◆ EXTRACTED ENTRIES ◆
▬▬▬▬▬▬▬▬▬▬
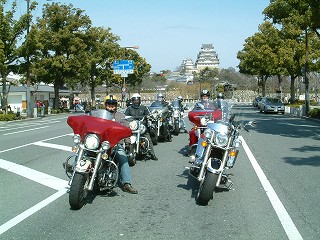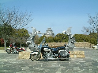 運よく信号で止まったので姫路城をバックにパチリ。それにしてもキクさんの「ヤッコカウル」バッチリ決まっててカッコいい。まるで純正のように違和感がまったくない。 最初に”運よく”と書いたがこんな事も地元の方々がいればこそ気付くのであって、sbooだけならキットそのまま通過するだけだっただろうと思う。 |
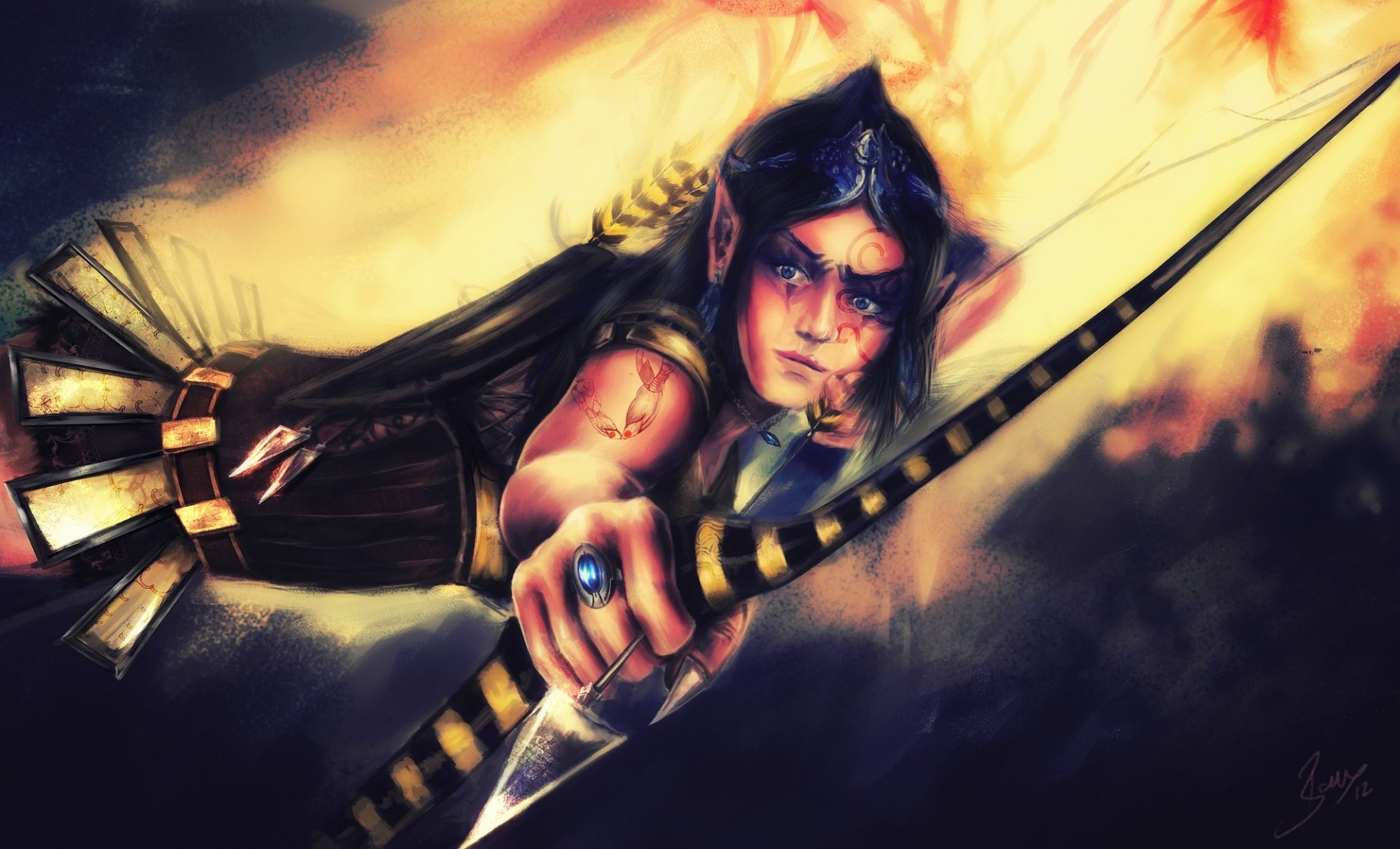 Elfe fille aux cheveux blancs avec un arc dans les mains de l'artElfe fille aux cheveux blancs avec un arc dans les mains de l'art
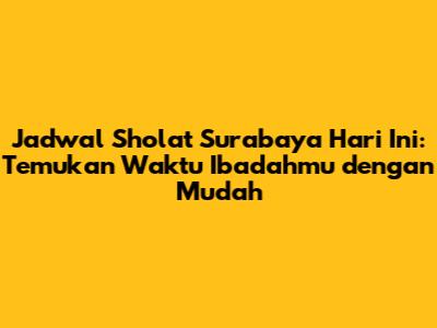 Jadwal sholat Surabaya hari ini terdiri dari lima waktu sholat yang wajib ditunaikan oleh setiap muslim. Berikut adalah penjelasan singkat mengenai waktu-waktu sholat tersebut:
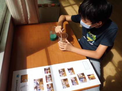 子どもたちは,工程表を見ながら,水・好きな色の絵の具・お湯・ホウ砂などの材料を計量カップなどで慎重にはかっていました。
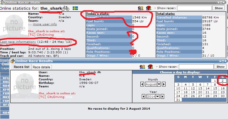 "the shark is online at: TC CityDriving" I don't think in the history of LFS any one ever has completed a race on cruise server which would be needed to update last race info. ed. 1548km for 'Today's stats' is bit iffy.
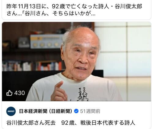 昨年の今日、偉大な詩人の谷川俊太郎が亡くなりました。私の大好きな詩人でした。特に「生きる」という詩が好きです (色々な人がメロディを付けています)一見簡単な言葉で子どもにも分かりやすい詩なんだけど、大人にはそれが胸の奥を突く深い詩。沁みるんだなぁ… 直接お会いしたことはないけれど、きっと純粋な人だったんだろうなぁと思います 世界ではまだまだ戦いが起きていて混沌とした世の中、自分自身も忙しい毎日だけど、時々立ち止まって、自分の中の「純粋な部分」を確かめるように詩集を手に取ったりします 今日はテレビやラジオ、そして都内や横浜などで色々な「谷川俊太郎イベント」が行われています。私もしっかり参加 作曲家でありピアニストでもある息子の谷川賢作さんも今日はあちこち関連イベントに呼ばれて忙しそうです 今日はそんな日。エロくなくてごめんなさい
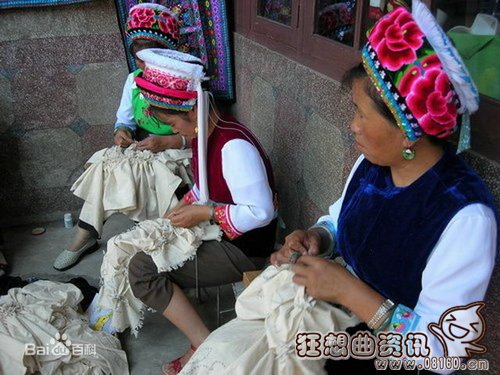目前是大理白族的特色产品。80%以上销往日、英、美、加等10多个国家和地区,供不应求。这里,妇女们个个在扎花,户户在入染。已成为重要的扎染织物产地
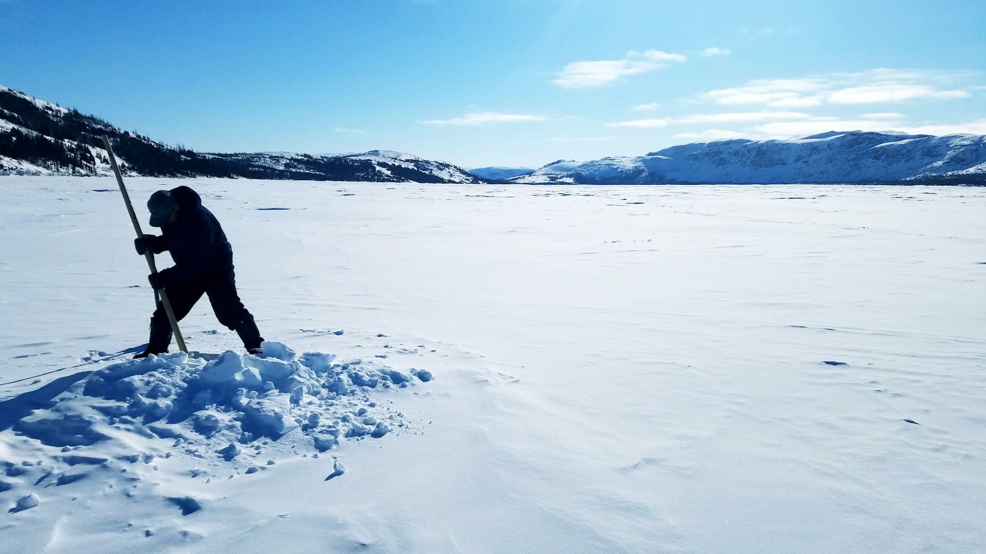 Un pêcheur inuit creuse la glace de façon traditionnelle afin d'installer ses filets.
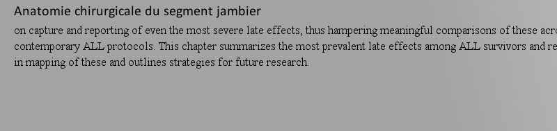 Late Effects of Therapy of Acute Lymphoblastic Leukemiaon capture and reporting of even the most severe late effects, thus hampering meaningful comparisons of these across contemporary ALL protocols. This chapter summarizes the most prevalent late effects among ALL survivors and recent advances in mapping of these and outlines strategies for future research.
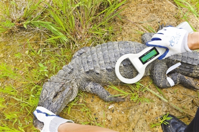 汪仁平說,2006年放歸的一條雄性揚(yáng)子鱷走出了放歸區(qū)域,跑到3公里外一個(gè)魚塘筑巢?!巴ㄟ^無線電發(fā)射器,這條揚(yáng)子鱷被找到了。”
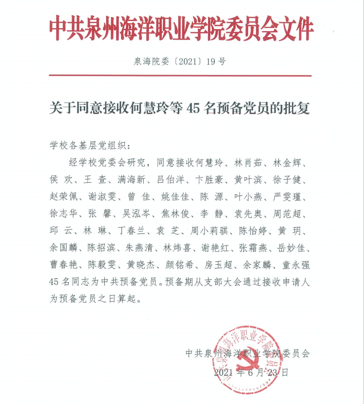 泉海院委〔2021) 19号 关于同意接收何慧玲等45名预备党员的批复
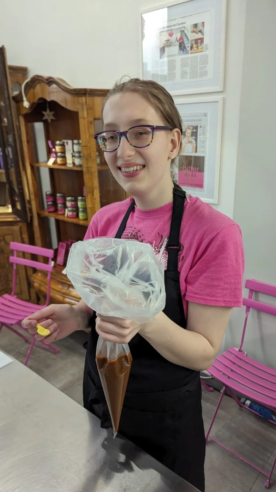 Mir hat der Kurs sehr gut gefallen und mir hat es auch viel Spaß gemacht, selber Pralinen herzustellen. Allerdings waren die Maschinen recht laut, sodass ich die Besitzerin nicht gut verstanden habe. Leider hat sie auch sehr schnell gesprochen, aber sie war sehr nett, freundlich und hilfsbereit. Meine Eltern haben versucht, mir alles mit Gebärden zu erklären. Ich würde mich sofort für den zweiten Kurs anmelden.
▬▬▬▬▬▬▬▬▬▬
◆ REQUIRED ACTION ◆
Word for word, retype the material above without its pictures.

◆ RESPONSE TO THE EXERCISE ◆
 運よく信号で止まったので姫路城をバックにパチリ。それにしてもキクさんの「ヤッコカウル」バッチリ決まっててカッコいい。まるで純正のように違和感がまったくない。 最初に”運よく”と書いたがこんな事も地元の方々がいればこそ気付くのであって、sbooだけならキットそのまま通過するだけだっただろうと思う。 |
 Elfe fille aux cheveux blancs avec un arc dans les mains de l'artElfe fille aux cheveux blancs avec un arc dans les mains de l'art
 Jadwal sholat Surabaya hari ini terdiri dari lima waktu sholat yang wajib ditunaikan oleh setiap muslim. Berikut adalah penjelasan singkat mengenai waktu-waktu sholat tersebut:
 子どもたちは,工程表を見ながら,水・好きな色の絵の具・お湯・ホウ砂などの材料を計量カップなどで慎重にはかっていました。
 "the shark is online at: TC CityDriving" I don't think in the history of LFS any one ever has completed a race on cruise server which would be needed to update last race info. ed. 1548km for 'Today's stats' is bit iffy.
 昨年の今日、偉大な詩人の谷川俊太郎が亡くなりました。私の大好きな詩人でした。特に「生きる」という詩が好きです (色々な人がメロディを付けています)一見簡単な言葉で子どもにも分かりやすい詩なんだけど、大人にはそれが胸の奥を突く深い詩。沁みるんだなぁ… 直接お会いしたことはないけれど、きっと純粋な人だったんだろうなぁと思います 世界ではまだまだ戦いが起きていて混沌とした世の中、自分自身も忙しい毎日だけど、時々立ち止まって、自分の中の「純粋な部分」を確かめるように詩集を手に取ったりします 今日はテレビやラジオ、そして都内や横浜などで色々な「谷川俊太郎イベント」が行われています。私もしっかり参加 作曲家でありピアニストでもある息子の谷川賢作さんも今日はあちこち関連イベントに呼ばれて忙しそうです 今日はそんな日。エロくなくてごめんなさい
目前是大理白族的特色产品。80%以上销往日、英、美、加等10多个国家和地区,供不应求。这里,妇女们个个在扎花,户户在入染。已成为重要的扎染织物产地
 Un pêcheur inuit creuse la glace de façon traditionnelle afin d'installer ses filets.
 Late Effects of Therapy of Acute Lymphoblastic Leukemiaon capture and reporting of even the most severe late effects, thus hampering meaningful comparisons of these across contemporary ALL protocols. This chapter summarizes the most prevalent late effects among ALL survivors and recent advances in mapping of these and outlines strategies for future research.
 汪仁平說,2006年放歸的一條雄性揚(yáng)子鱷走出了放歸區(qū)域,跑到3公里外一個(gè)魚塘筑巢?!巴ㄟ^無線電發(fā)射器,這條揚(yáng)子鱷被找到了。”
 泉海院委〔2021) 19号 关于同意接收何慧玲等45名预备党员的批复
 Mir hat der Kurs sehr gut gefallen und mir hat es auch viel Spaß gemacht, selber Pralinen herzustellen. Allerdings waren die Maschinen recht laut, sodass ich die Besitzerin nicht gut verstanden habe. Leider hat sie auch sehr schnell gesprochen, aber sie war sehr nett, freundlich und hilfsbereit. Meine Eltern haben versucht, mir alles mit Gebärden zu erklären. Ich würde mich sofort für den zweiten Kurs anmelden.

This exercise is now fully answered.